So they'll definitely need a more powerful GPU for the pro-users. I wonder if they can make a 4xGPU, or if the yield will become poor as the die size increases. Maybe they'll have to do a discrete GPU, but that doesn't seem to match their current trajectory.

And then there have been "leaks" (rumors, really) about an 32xcore M1-family CPU, but I imagine the yield of such a beast would be horrible, with all the other SOC components on the same die. Especially, if they put a 32xcore GPU on the same die.


(microelectronics graduate in 2001, turned software engineer, I have worked for ARM and Imagination Technologies on simulations of CPUs, GPUs, networking products and other bits of SoCs)

Yield wouldn't be that bad - ARM CPUs are small in comparison to their x86 cousins. I would expect that you would get to 32 CPUs the same way everyone else does - build a 32 core design and blow enable fuses on bad CPUs, then badge as appropriate.
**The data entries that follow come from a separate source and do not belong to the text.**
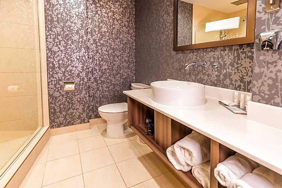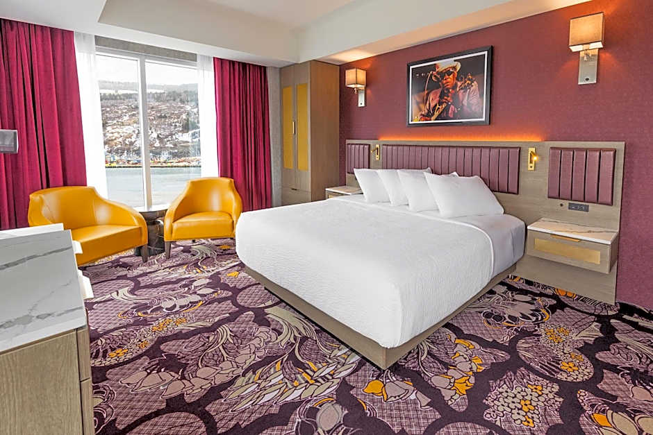 Offering a spacious room with a King Bed and Chesterfield, this stylishly furnished room includes free WiFi and a 42" flat-screen LED TV with cable channels. A mini fridge, in-room safe, and a Keurig coffee machine with complimentary Starbucks coffee and tea are provided. The radios are Bluetooth compatible. Guests will find a hairdryer, bathrobes and toiletries in the bathroom.
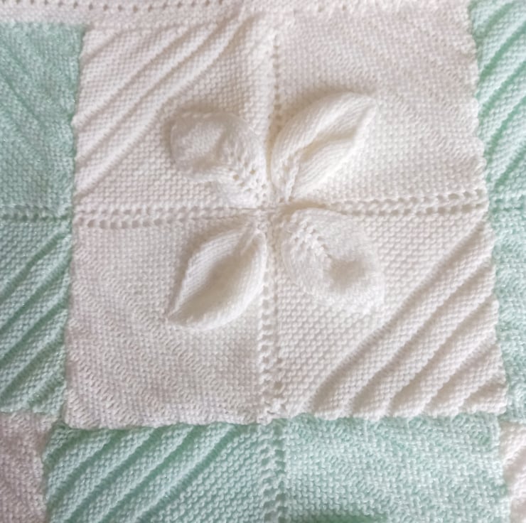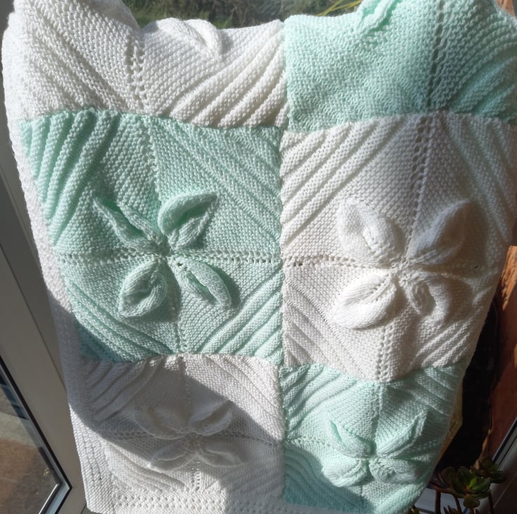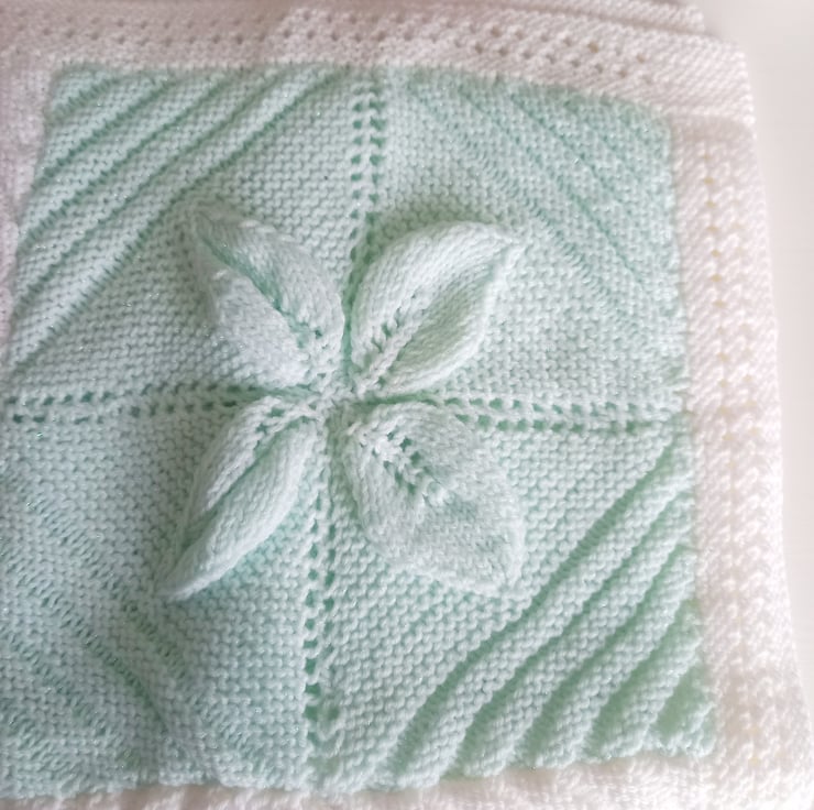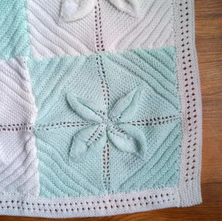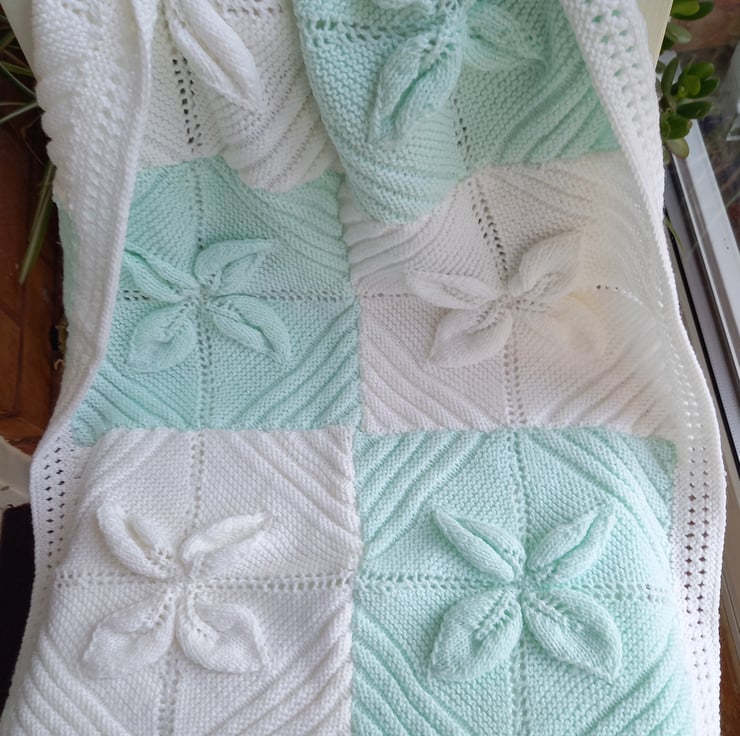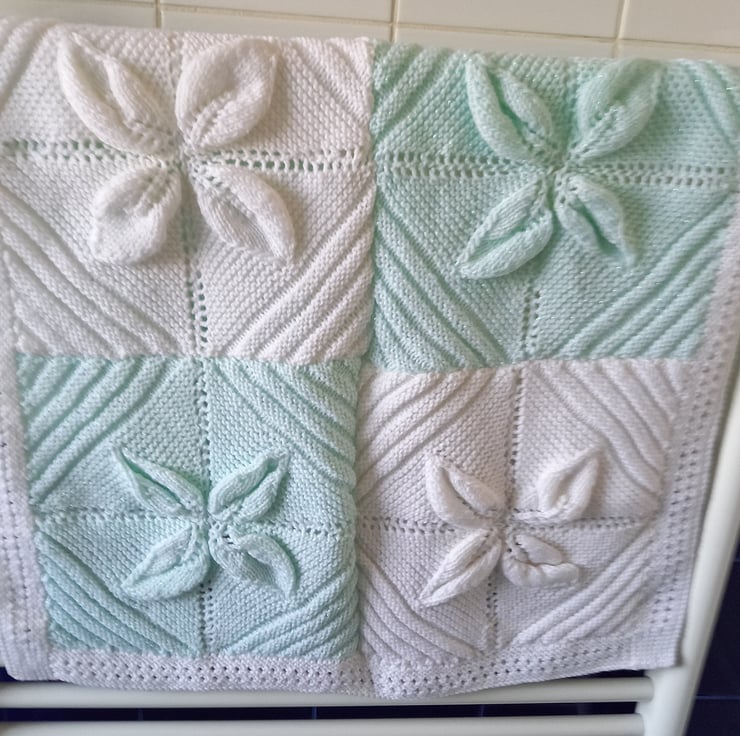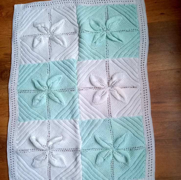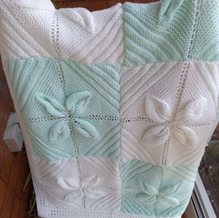 The blanket is made up of 6 knitted square's, joined together, 3 white, 3 turquoise. Each square is knitted in garter stitch with stocking stitch leaves in the centre, the turquoise square's have a shiny thread running through the yarn.
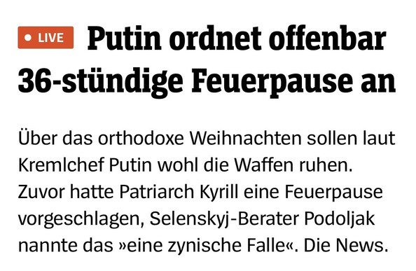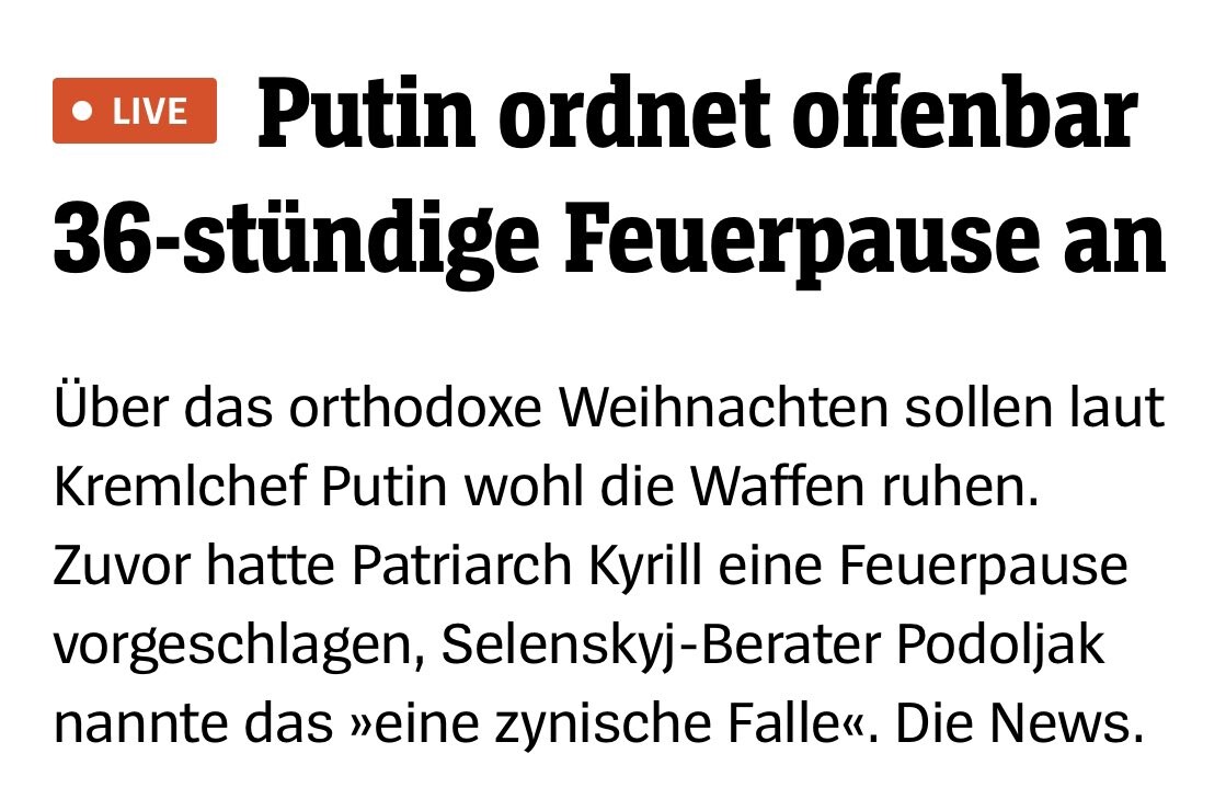 Ob die von #Putin angeregte #Feuerpause in der #Ukraine wohl auch etwas damit zu tun haben könnte, dass viele Soldaten am orthodoxen Weihnachtsfest mit ihren Familien telefonieren werden? Über Mobilfunk?

To get a desktop class GPU they will need to address memory bandwidth. I am assuming they are using a tile based rendering process so memory bandwidth is less of an issue in comparison to scan line rendering (do desktop GPUs still do that?) I would assume that they are enjoying the benefits of the system level cache with the CPU and GPU sharing. I would expect there to be some careful benchmarking of increasing GPU cores, memory speed, memory size and system cache size going on at Apple.

There isn't anything stopping Apple from supporting external GPUs, but it would require a new SoC with more PCIe lanes. External buses are much more power hungry and take up space on the die. I don't have a mental model of how much space plonking a PCIe x16 interconnect would cost in terms of area or power (taking into account you need to get that data across the chip too), but my gut reaction is that it isn't likely unless there is a customer use case they can't solve on chip.


>Seems like heat isn't an issue, so can they increase the clock-speed of the M1?

They are running into their current node limits, so dont expect a 4Ghz+ coming unless they decide to remake the whole thing in High Performance Node. ( Which means it will cost a lot more for a relatively niche volume.)

>I wonder if they can make a 4xGPU

GPU increase should be given, and die size / yield would not be a concern / problem. The question is how will they handle the additional memory bandwidth requirement? As you can see in the Die-Shots those DDR I/O side are already take up much of the side space. Going with HBM2? Or LPDDR5?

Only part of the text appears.